A good project plan describes how to achieve the project goal in the context of the project’s ‘territory.’ It shows how the parent organisation, the local project environment, and any competing projects affect it. The plan helps to determine where you are and how to get to your goal. This is true even when you have been driven off course. In many ways, a project plan acts much like a map. A map is also a model of the world. While plans have assumptions, constraints, risks, et cetera; maps make use of rivers, roads, towns, and so on, as their constituent parts.
Whatever else a plan is and does, it is always a communication vehicle. It conveys information, sets expectations, and allows decisions to be made.

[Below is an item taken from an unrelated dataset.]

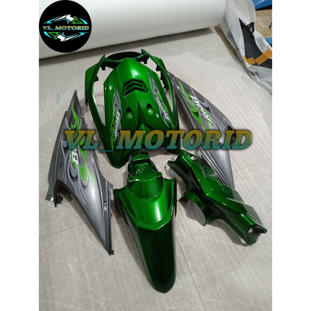 Cover full body halus honda beat karbu lama ijo candy mix greey plus list striping api transparan 2008-2012

A project plan is unique among the set of governance documents used to run a project – it has two audiences. This does make the writing of it a little harder. One audience is the governance group–and sometimes more widely the key stakeholder. The other is the project team. However, the communication purpose is singular. That is to provide these audiences with enough ‘big picture’ context and information so that they know how they can best be involved in supporting and achieving the project’s objective.
With no planning there is no forum to gain agreement from the differing audiences, there is no clarity about the outcomes. Without planning, sources of uncertainty cannot be articulated into usable estimates. And without planning there is no vehicle to compare and contrast solutions regarding desirability and degree of risk. But, and most importantly of all, without planning the best opportunity to engage, and to engage with stakeholders, is lost.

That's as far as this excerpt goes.